Three cohorts of students have contributed to the project that started in 2018. The initial concept was to bring the locations that Hemingway wrote about including Paris, Key West and Havana to people who aren’t able to see them in person since many people at some point read The Old Man and the Sea, Lauro said, but may not have a visual of some of the things mentioned in the books.

She described the project as a visual CliffsNotes for readers. 

For example, if Hemingway is talking about a specific kind of bird or fish or boat, there would be a picture to give readers an idea what it looks like. 

The website is free to access, making the multimedia annotations widely available.

It's her third year working on the project; the first year they traveled to Key West, due to the COVID-19 pandemic and travel restrictions, a second trip didn’t happen, and finally, they stopped in the City of Lights.

This year Lauro received a $10,000 grant from the Office of Undergraduate Research and Inquiry to help support three students who worked for the full academic year on the grant, Megan Darling ’24, Chandler Culotta ’22 and Mark-Elliot Finley ’22, though Finley did not go on the trip.

Darling, an English major, studies literature and how it connects with history, society and people.

The students and Lauro read the novel together to identify people, places and things that they believed deserved annotations.

“After experiencing Parisian culture, I was able to understand how Hemingway wove his personal experience with Paris into some of his novels,” Darling said.

Hemingway had a keen eye for detail; focusing on the streets, how to get from place to place and the people around him, and Darling was able to develop a deeper understanding of what Hemingway was trying to convey upon witnessing those details firsthand.

The students worked on the project for an entire academic year, meeting with Lauro every week from September to May.

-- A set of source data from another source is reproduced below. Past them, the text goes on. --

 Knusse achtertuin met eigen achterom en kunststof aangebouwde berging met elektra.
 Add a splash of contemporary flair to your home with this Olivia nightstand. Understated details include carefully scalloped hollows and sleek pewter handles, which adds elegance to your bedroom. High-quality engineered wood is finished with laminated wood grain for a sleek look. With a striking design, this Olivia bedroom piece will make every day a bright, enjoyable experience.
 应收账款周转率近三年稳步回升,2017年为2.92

Culotta has been working on the project since the beginning, taking photographs and putting together videos for the walking tours.

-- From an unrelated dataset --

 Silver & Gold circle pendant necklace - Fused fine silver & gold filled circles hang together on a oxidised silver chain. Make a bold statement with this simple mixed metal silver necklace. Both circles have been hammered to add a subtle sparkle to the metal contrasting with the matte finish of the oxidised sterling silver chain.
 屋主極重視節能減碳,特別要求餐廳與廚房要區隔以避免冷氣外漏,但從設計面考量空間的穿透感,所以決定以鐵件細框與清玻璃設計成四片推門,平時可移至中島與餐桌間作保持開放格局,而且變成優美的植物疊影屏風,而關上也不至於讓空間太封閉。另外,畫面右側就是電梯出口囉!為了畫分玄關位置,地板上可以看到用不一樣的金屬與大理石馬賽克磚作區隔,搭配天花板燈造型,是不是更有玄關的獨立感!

“We are able to find the real-life locations that he writes about in almost all of his pieces and through visiting them, we are able to align our thought process closer to his as he wrote,” he said.

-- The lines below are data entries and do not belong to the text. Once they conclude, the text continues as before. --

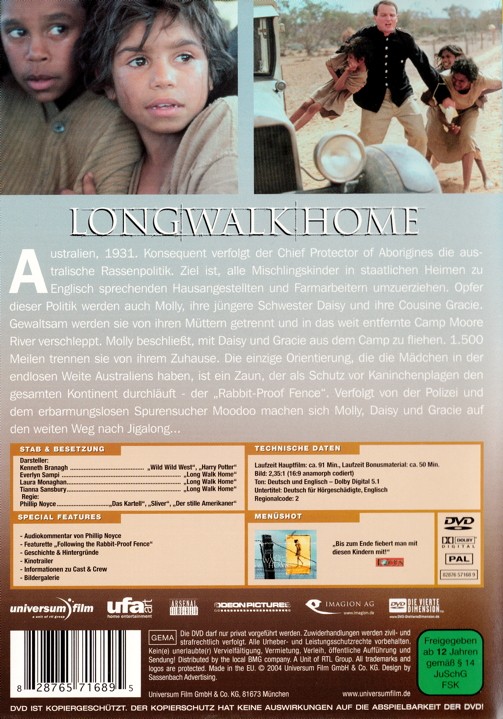 Jigalong, Australien, 1931. Konsequent verfolgt der Chief Protector of Aborigines, A.O. Neville die australische Rassenpolitik. Ziel ist, alle Mischlingskinder von ihren Eltern zu trennen, um sie in staatlichen Heimen zu englisch sprechenden Hausangestellten und Farmarbeitern umzuerziehen. Opfer dieser Politik werden auch die 14-Jährige Molly, ihre jüngere Schwester Daisy und ihre Cousine Gracie. Gewaltsam werden sie von ihren Müttern getrennt und in das weit entfernte Camp Moore River verschleppt. Molly beschliesst, mit Daisy und Gracie aus dem Camp zu fliehen. 1.500 Meilen trennen sie von ihrem Zuhause. Die einzige Orientierung, die die Mädchen in der endlosen Weite Australiens haben, ist ein Zaun, der als Schutz vor Kaninchenplagen den gesamten Kontinent durchläuft. Doch den müssen sie erst mal finden. Verfolgt von der Polizei und dem erbarmungslosen Spurensucher Moodoo machen sich Molly, Daisy und Gracie auf den weiten Weg nach Jigalong...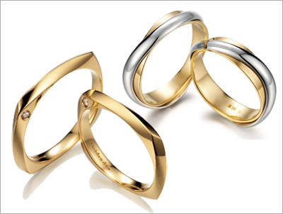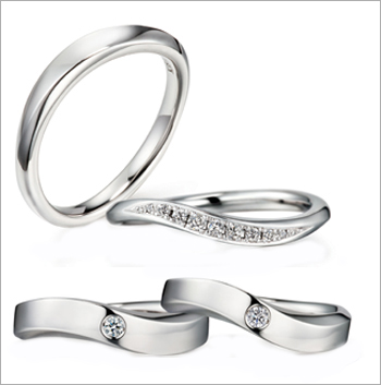 클래식한 느낌에 리드미컬한 음악적 움직임을 더해 마치 물결치는 듯 생동감을 불어넣은 제품이다. 깔끔한 화이트골드 금속 밴드의 남성 반지와 다이아몬드가 섬세하게 세팅된 여성 반지가 서로 조화를 이룬다.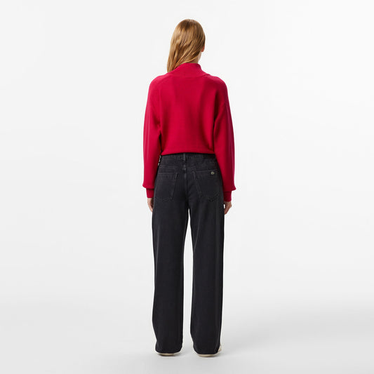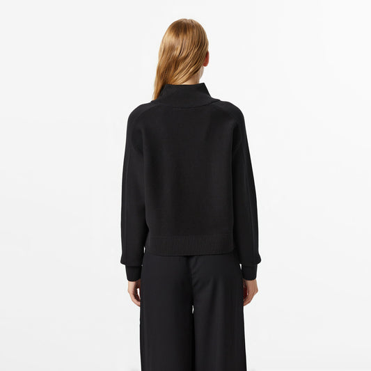 Lacoste Kadın Classic Fit Yarım Fermuarlı Siyah Kazak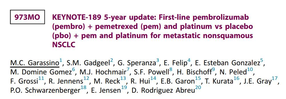 研究背景:III期KeyNote-189研究发现,Pembrolizumab联合培美曲塞及铂类显著改善了驱动基因突变阴性、初治、转移性非鳞、非小细胞肺癌患者预后,且无论患者PD-L1表达水平均可以从这一治疗中获益。本研究报道了该研究随访5年后的数据。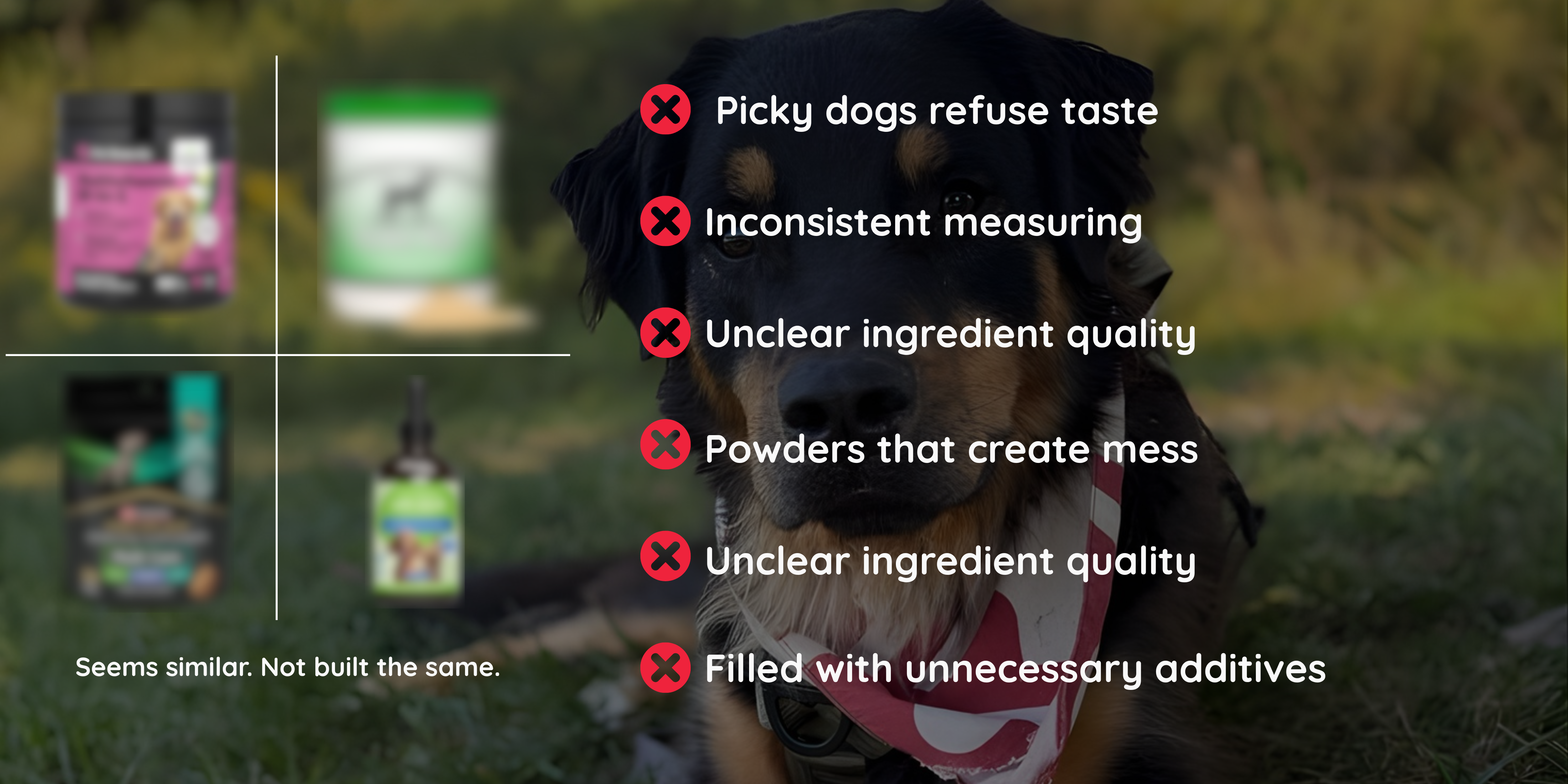 Results can vary depending on your dog’s age, breed, health, and lifestyle. Most dogs begin to see benefits with consistent daily use over 60–90 days. In an internal pet parent survey, 87% reported noticeable results after 3 months of daily use.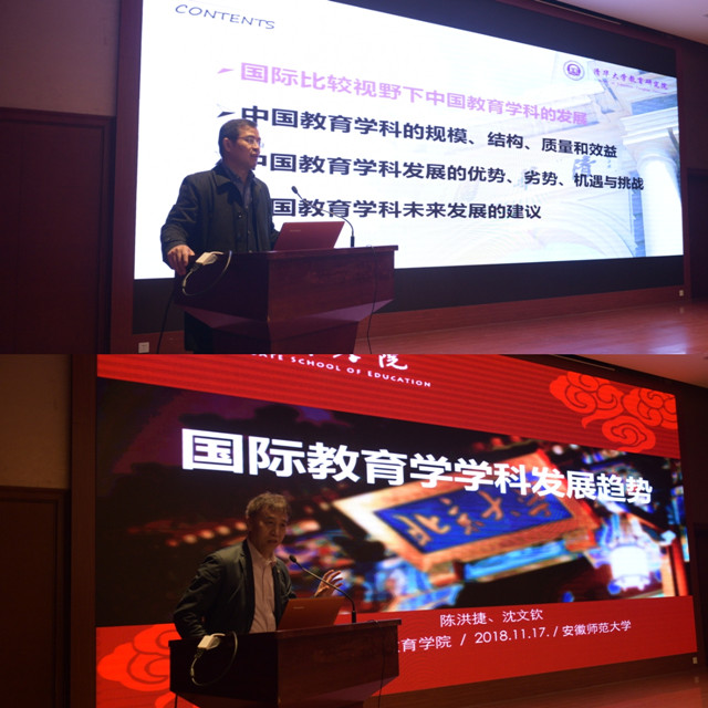 简短的开幕式结束后,国务院学位委员会第七届教育学科评议组成员石中英教授和陈洪捷教授分别作了《中国教育学学科发展报告》和《国际教育学科发展趋势》两个主题报告。石中英教授从国内教育学科的比较分析、国际比较视野下的中国教育学科发展、中国教育学科的规模、结构、质量和效益及未来发展建议等方面分析了我国教育学科发展的基本情况。他指出,教育学科的发展要汇聚合力,建设更加广阔丰富的教育学科;抢抓机遇,建设更加开放融合的教育学科;要内涵发展,扎根实践,建设具有中国特色、服务本土发展的教育学科。陈洪捷教授的报告回顾了教育学科发展的基本历程,并分析了教育学科发展过程中的软性革命、跨学科融合、研究范式的变迁、国家差异和面临的共同问题。

The group did a poster presentation in the spring at CALapalooza, an open house hosted by the College of Arts and Letters that showcases what students around the college are working on.

The project, Lauro said, will help to get students prepared for the working world beyond college, providing them with skills they can utilize once in the workforce, including web design, copyediting and how to build a website from scratch.

Culotta said being on location elevates his work as both an artist and researcher because he is also able to speak with locals who are familiar with the specific locations that Hemingway is writing about, rather than solely relying on sources and photographs found online. This way, he can often learn new aspects about the locations that might not traditionally be found online.

“They’re getting really marketable skills, in addition to the literature analysis part of it,” Lauro said. “It tells other people that we’re a University that values this student-centered work.”